Transcript
BOB GARFIELD: A number of listeners last week were displeased with our take on the CBS memo scandal. Several of you echoed the sentiments of Sundar Srinivasan, who describes himself as a disappointed listener in Chelsea, New York. He writes, "I'm no stranger to misplacing priorities or myopia, but I suspect even Mr. Magoo would have done a better job prioritizing your coverage of 'Reservegate' versus 'Rathergate.' Did a 10 year old story about the president get unfairly obscured? Probably. But the CBS imbroglio is the biggest document authenticity story since the Hitler diaries, and it is breaking weeks ahead of what is expected to be one of the closest presidential elections in years. Why cover the molehill when there's a mountain of meta-journalism issues right next to it?"
BROOKE GLADSTONE: It's true. We saw Rathergate as just one more media felony in a season marked by crimes both of commission, as in the lies spouted by certain cable talk show hosts, and of omission by news outlets who failed to fact-check falsehoods flung from the stump. But clearly, this story is not just one of many. It's a focal point for rage against the liberal media machine. We heard it even in the background of another story. On Wednesday, a bystander near CNN cameras at a campaign event let it rip for over an hour... [START TAPE]
MAN: ...those four moderators who will be-- [BOTH SPEAK AT ONCE]
MAN: [SHOUTING] STOP [...?...] now!
MAN: -- running the program, and... [END TAPE]
BROOKE GLADSTONE: We struggled to hear... [START TAPE]
MAN: ...they have got to speak to whether or not they are going to sign this-- [BOTH SPEAK AT ONCE]

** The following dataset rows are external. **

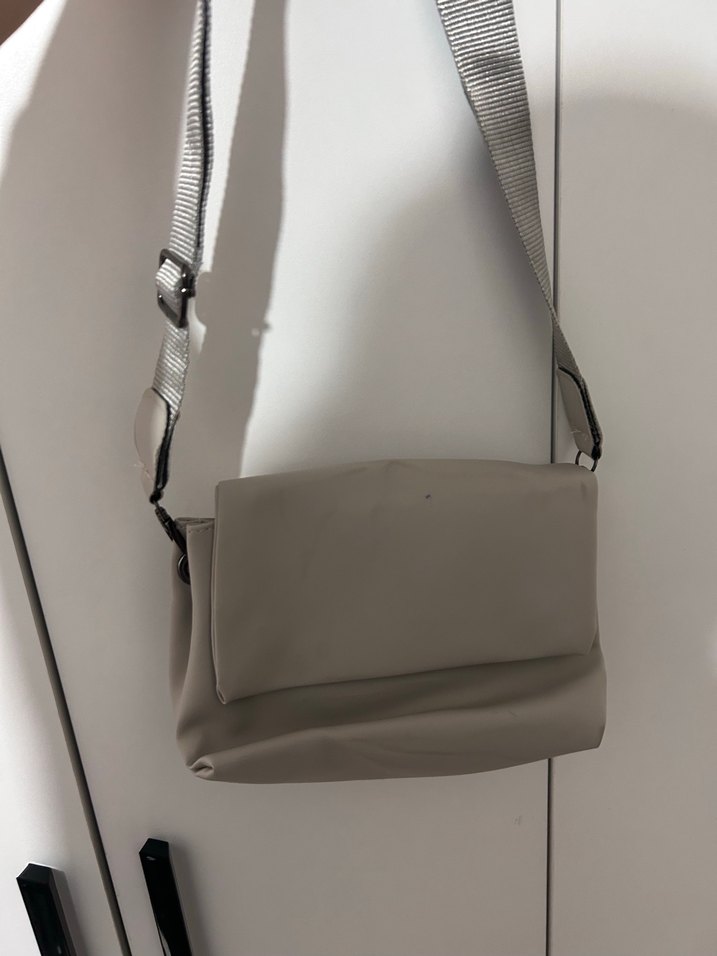 Gri renkte, kemerli tasarıma ve ayarlanabilir askıya sahip, yumuşak sentetik kumaştan yapılmış minimalist kadın omuz çantası.
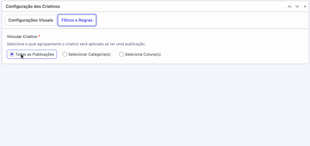 - Todas as publicações: o criativo será aplicado a todas as notícias do portal.
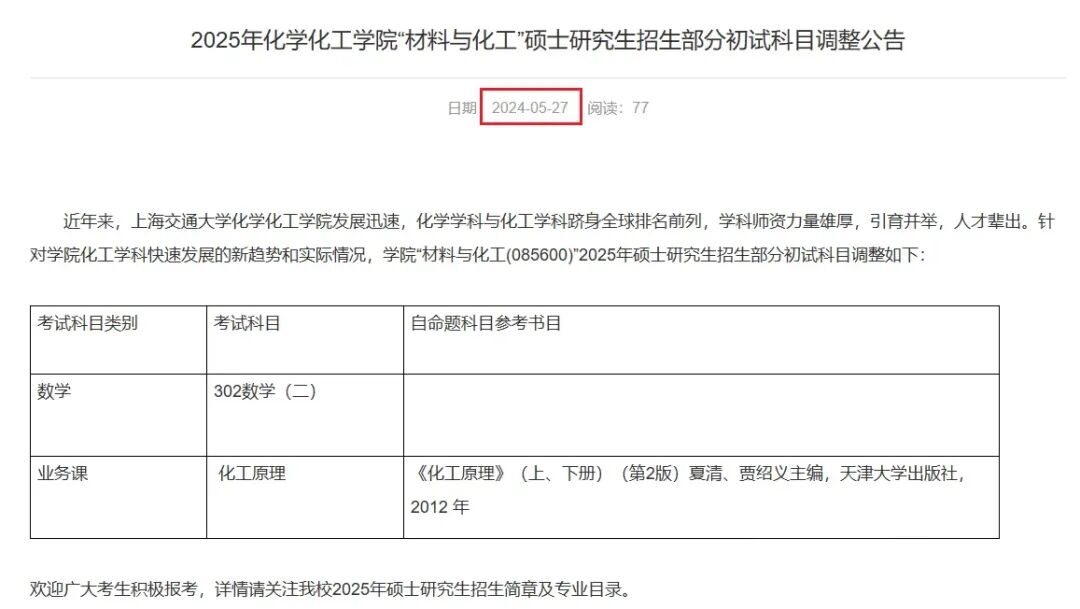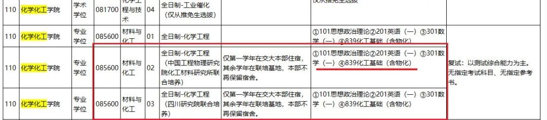 2025年化学化工学院“材料与化工”硕士研究生招生部分初试科目调整公告
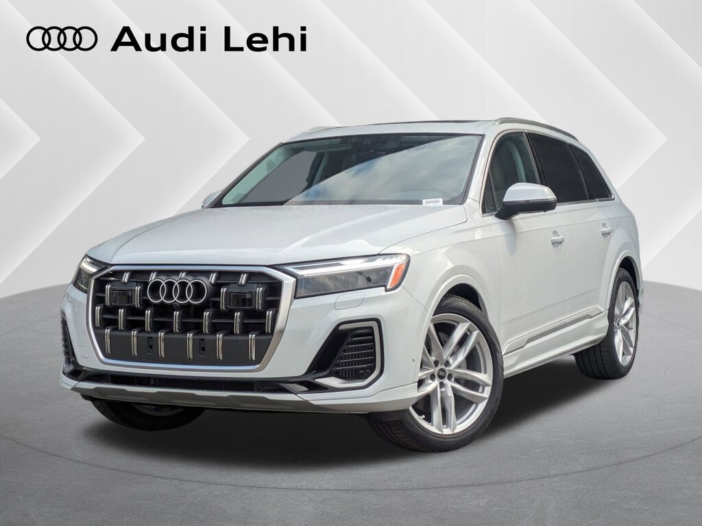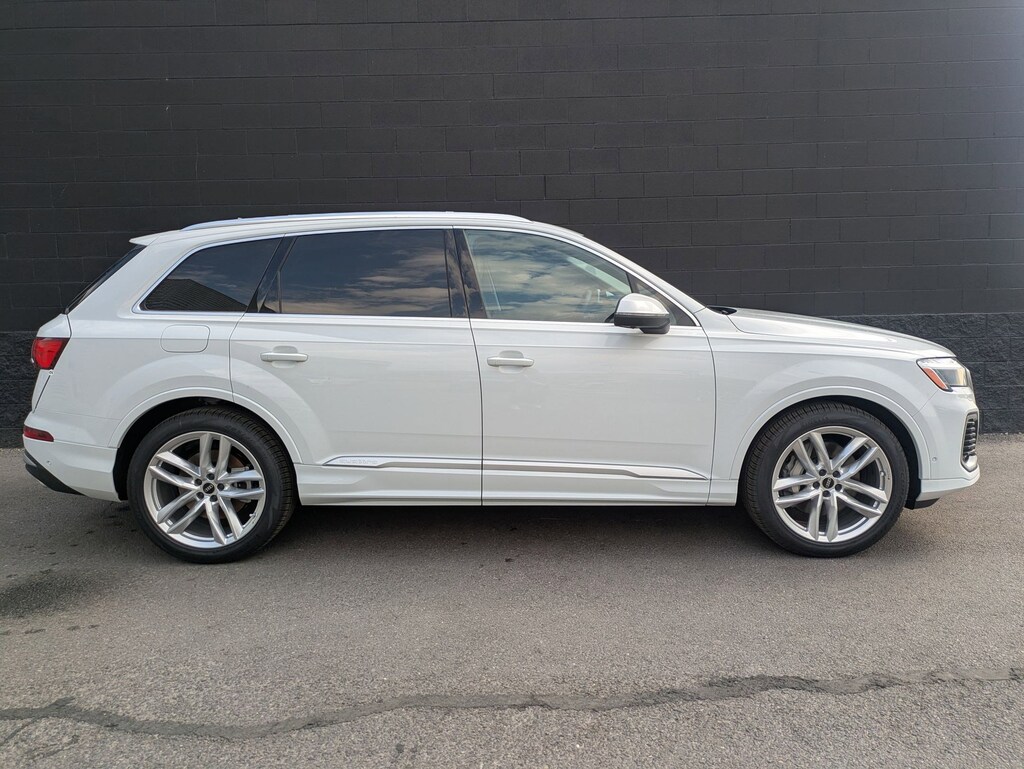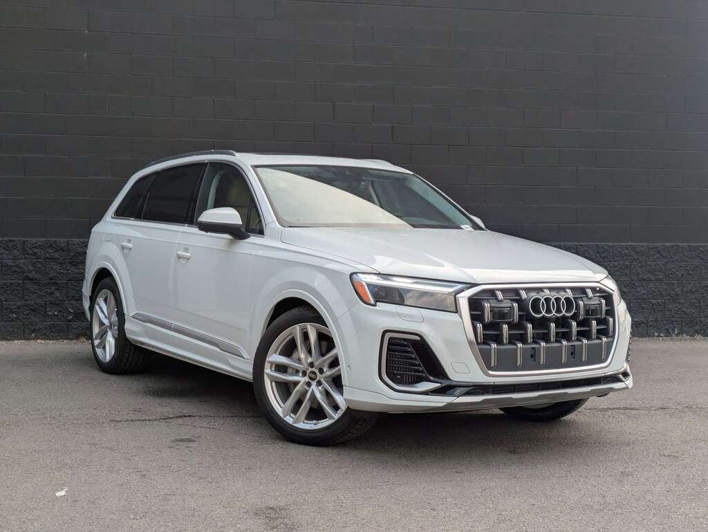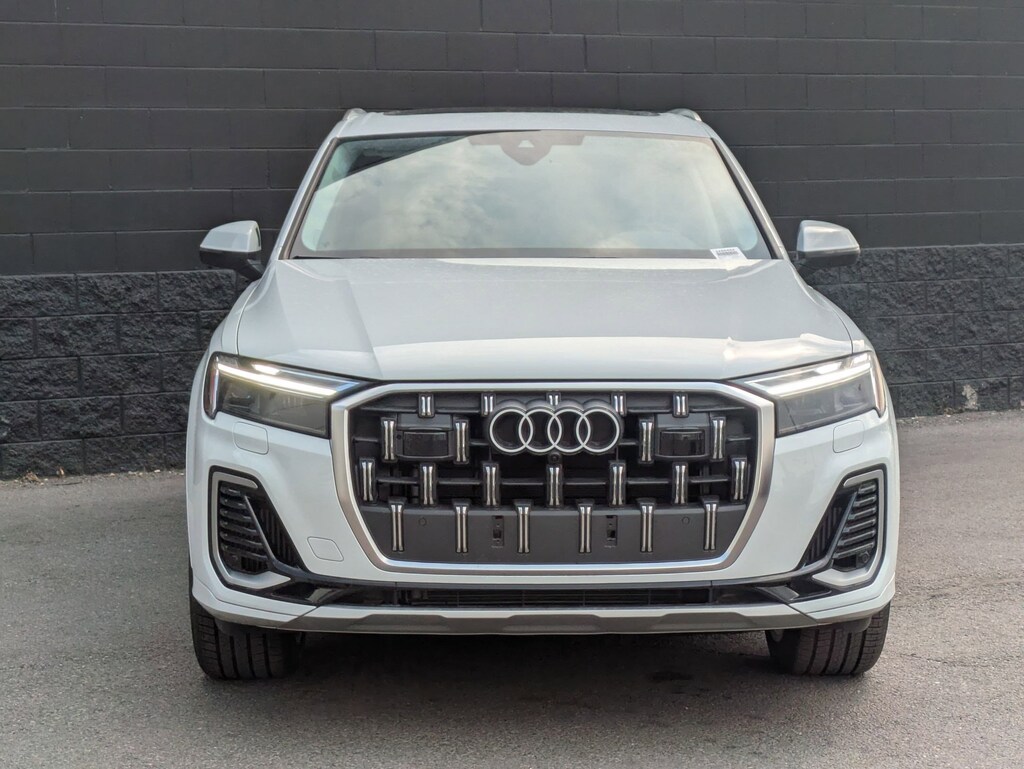 Glacier White Metallic 2025 Audi Q7 55 Premium Plus quattro quattro 8-Speed Automatic with Tiptronic 3.0L TFSI 10 Speakers, 3rd row seats, 4-Wheel Disc Brakes, ABS brakes, Air Conditioning, Alloy wheels, AM/FM radio: SiriusXM w/360L, Auto High-beam Headlights, Auto-dimming door mirrors, Auto-dimming Rear-View mirror, Automatic temperature control, Brake assist, Bumpers: body-color, Compass, Delay-off headlights, Driver door bin, Driver vanity mirror, Dual front impact airbags, Dual front side impact airbags, Electronic Stability Control, Emergency communication system: Audi connect CARE, Exterior Parking Camera Rear, Four wheel independent suspension, Front anti-roll bar, Front Bucket Seats, Front Center Armrest, Front dual zone A/C, Front fog lights, Front reading lights, Fully automatic headlights, Garage door transmitter: HomeLink, Genuine wood door panel insert, Heated door mirrors, Heated Front Bucket Seats, Heated front seats, Illuminated entry, Leather Seating Surfaces, Leather Shift Knob, Leather steering wheel, Low tire pressure warning, Memory seat, Navigation system: Audi MMI Navigation plus with Touch Response, Occupant sensing airbag, Outside temperature display, Overhead airbag, Overhead console, Panic alarm, Passenger door bin, Passenger vanity mirror, Power door mirrors, Power driver seat, Power Liftgate, Power moonroof: Panoramic, Power passenger seat, Power steering, Power windows, Radio data system, Radio: Audi Sound System, Rain sensing wipers, Rear air conditioning, Rear anti-roll bar, Rear fog lights, Rear reading lights, Rear seat center armrest, Rear side impact airbag, Rear window defroster, Rear window wiper, Reclining 3rd row seat, Remote keyless entry, Security system, Speed control, Speed-sensing steering, Split folding rear seat, Spoiler, Steering wheel memory, Steering wheel mounted audio controls, Tachometer, Telescoping steering wheel, Tilt steering wheel, Traction control, Trip computer, Turn signal indicator mirrors, Variably intermittent wipers, Wheels: 19 5-Arm-Star Design.Advertised Prices do not include any dealer installed options and advertised prices exclude leases.

MAN: [SHOUTING] STOP [...?...] now! [END TAPE]
BROOKE GLADSTONE: And on the 15th iteration, we finally made it out: "Stop Dan Rather now! [START TAPE]
JUDY WOODRUFF: ...among women for the longest time this year, but in the last month... [BOTH SPEAK AT ONCE]
MAN: [SHOUTING] STOP Dan Rather now! [END TAPE]
BROOKE GLADSTONE: Of course, Rather stopped denying what had become increasingly obvious and conceded that not just the network but he, himself, had blown it. [START TAPE]
DAN RATHER: Also, I want to say personally and directly, I'm sorry. [END TAPE] [START TAPE]
BOB WOODWARD: I'm sure he is in absolute agony over this. [END TAPE]
BROOKE GLADSTONE: Bob Woodward, whose illustrious career at the Washington Post is based on the artful reporting of leaks, spoke of Rather's plight this week on the Larry King Show. [START TAPE]
BOB WOODWARD: It's very humbling, and you try to put up safeguards, you try to have multiple sources. Going back to Watergate, Carl Bernstein and I got some things wrong. We had kind of a two-source rule, and that saved us in the end. That was the safety net on this. CBS did not have a safety net... [END TAPE]
BROOKE GLADSTONE: This week, more calls for Rather's head, more musings on the future of CBS. The fact that a CBS producer phoned an operative from the Kerry campaign, advising him to speak to Rather's source, struck many, including us, as deeply inappropriate. And of course there was more speculation as to the creator of the dubious document that CBS rushed to broadcast. CNN's Wolf Blitzer. [START TAPE]
WOLF BLITZER: Some people already have suspicions about who's really behind the scandal. Yesterday, on this program, the Democratic National Committee Chairman Terry McAuliffe pointed a direct finger at a long-time Republican strategist.
TERRY McAULIFFE: I mean the New York Post today reports that Roger Stone, an old dirty trickster from the Nixon days may have been involved in the production of these documents. We were not involved in any shape, way or form.
WOLF BLITZER: Roger Stone is here now to talk about that... [END TAPE]
BROOKE GLADSTONE: Stone offered no comment to the New York Post, but he had plenty to say to Blitzer about the charge. [START TAPE]
ROGER STONE: Categorically false. If Mr. McAuliffe has any evidence whatsoever that, that I have any involvement or anyone else in the Republican Party has any involvement with these documents, let him put up or shut up. [END TAPE]
BROOKE GLADSTONE: Meanwhile, CBS has chosen two notables to investigate the scandal, retired AP chief Lou Boccardi and Republican Dick Thornburgh, who ran the Justice Department under Presidents Reagan and Bush, Sr. As the scandal plays out, some media critics worry that the fallout will have a chilling effect on the press, make it even less likely to tell the truth to power. A few point to a double standard, noting that CBS is slammed while those same critics demand no mea culpas from Robert Novak, who made use of an illegal White House leak to reveal the name of a CIA operative.